My go-to tranquilizer beverage is simple: 2 tablespoons of apple cider vinegar (I use Bragg brand) and 1 tablespoon honey,
(p. 140)

That I must try! He also recommends Yogi Soothing Caramel Bedtime Tea

10 minutes later, I start getting wobbly, and then I felt like Leonardo DiCaprio in the pay phone scene from The Wolf of Wall Street. In the most awkward fashion possible, I dragged my ass to the bedroom and fell asleep.
(p. 140)

The Sleep Master sleep mask, it’s only $25 on Amazon.

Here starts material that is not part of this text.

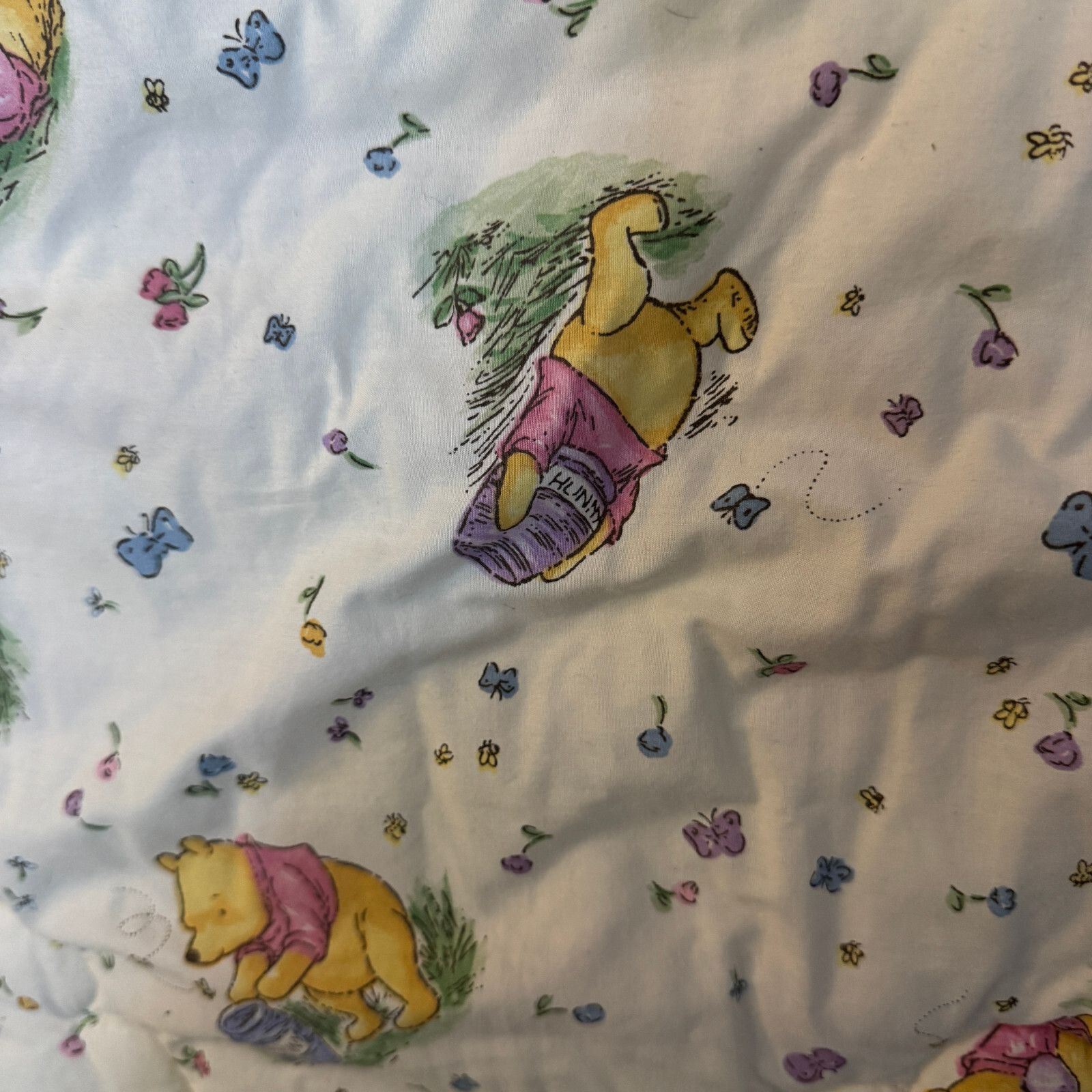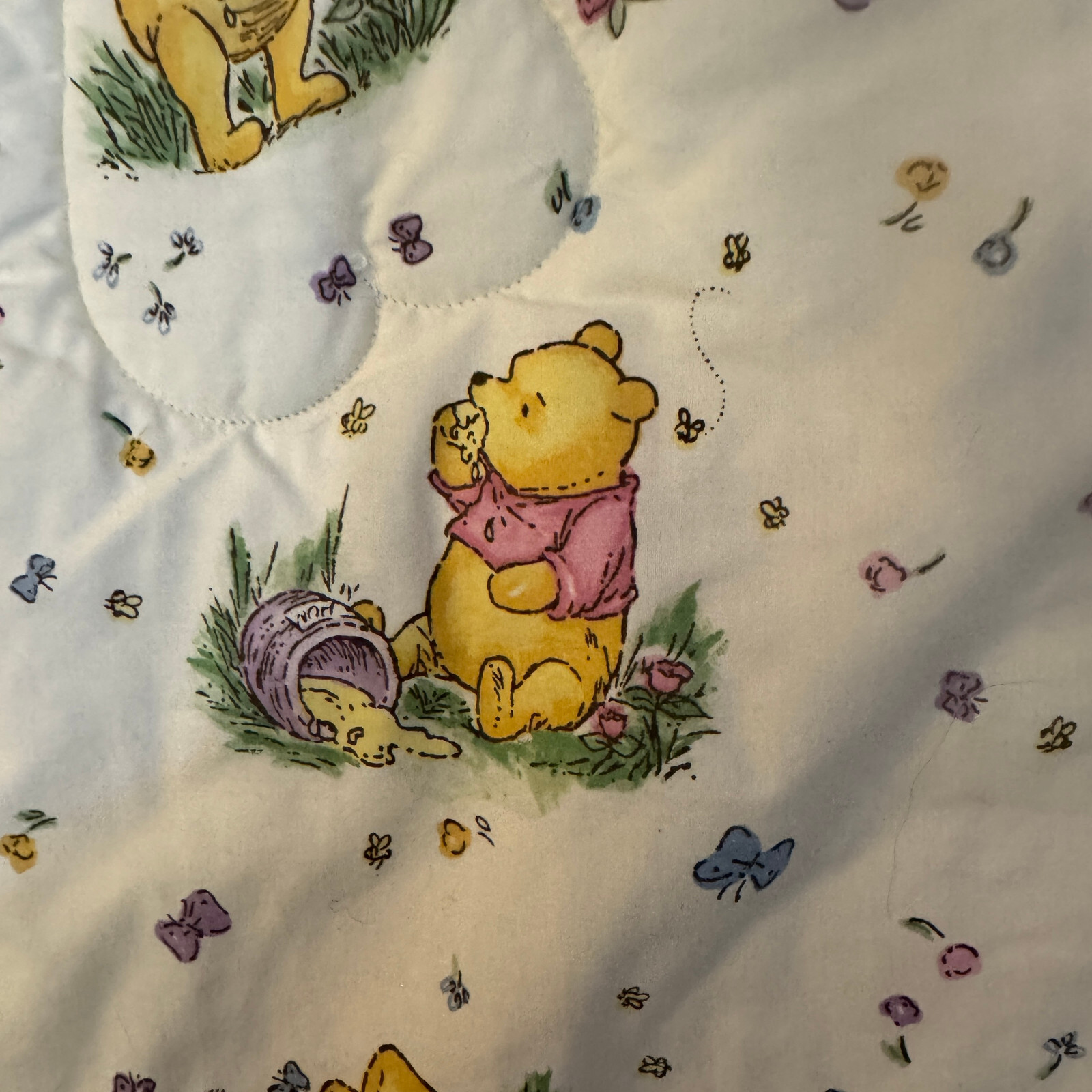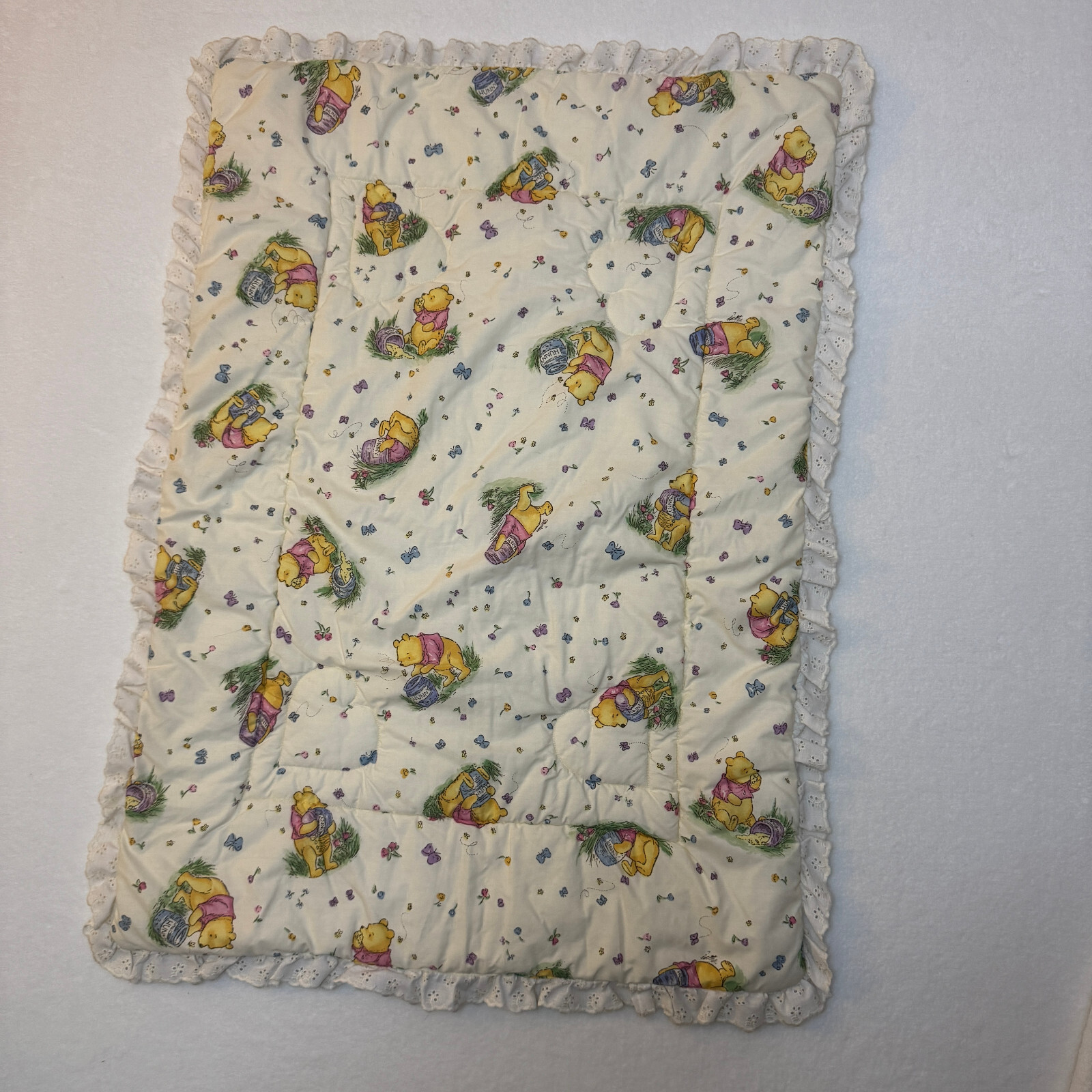 Vintage Winnie the Pooh Classic Crib Comforter Quilt Baby Blanket Eyelet Ruffles

The most important feature of this mask is that it goes over your ears, not on top of them. This may seem minor, but it’s a huge design improvement: It quiets things down, it doesn’t irritate your ears, and it doesn’t move around.
(pp. 141–142)

I like these sleep hacks because they can work for a digital nomad guy like me.

Waking up

The 5 to 10 reps here are not a workout. They are intended to “state prime” and wake me up. Getting into my body, even for 30 seconds, has a dramatic effect on my mood and quiets mental chatter.
(p. 145)

Business and entrepreneurship

When deal-making, ask yourself: Can I trade a short-term, incremental gain for a potential longer-term, game-changing upside?
(p. 181)

On profit margins

So, I added in that little buffer so I could give people a discount, which they love.
(p. 188)

On email

Improve a notification email from your business (e.g., subscription confirmation, order confirmation, whatever):
(p. 195)

Scott Adams on hacking expertise

But if you want something extraordinary, you have two paths: 1) Become the best at one specific thing. 2) Become very good (top 25%) at two or more things.
(p. 269)
You make yourself rare by combining two or more “pretty goods” until no one else has your mix. . . . At least one of the skills in your mixture should involve communication, either written or verbal.
(p. 269)

This totally applies to me! I’m never going to be as knowledgeable as a Ph.D. researcher like Dr. Mark Ashton Smith who has spent decades in a lab. I’m also never going to be as compelling a lifestyle video blogger as Tom Torero nor am I going to be as articulate as the philosopher Sam Harris, but I’m easily within the top 25% percentile of competence in these three areas.

On being self-promotional

When you’re the first in a new category, promote the category.
(p. 278)

Tim makes the good point that those who are self-promotional are annoying! What you want to do is promote a category that you are in. I do this by advocating for Biohacking tools that upgrade Cognitive capitaltools that improve your capacity to make money. My smart drug Caballo is something novel within this category.

On work

The interesting jobs are the ones that you make up.
(pp. 319–320)

Picking a billion-dollar idea

“If you had $100 million, what would you build that would have no value to others in copying?”
(p. 320)

To clarify, the question is asking, if you had unlimited resources what would you build that would put you so far ahead of the competition and everyone else that there was no point in them even trying to catch up with you? Dwell, on that question for just a moment. It’s profound.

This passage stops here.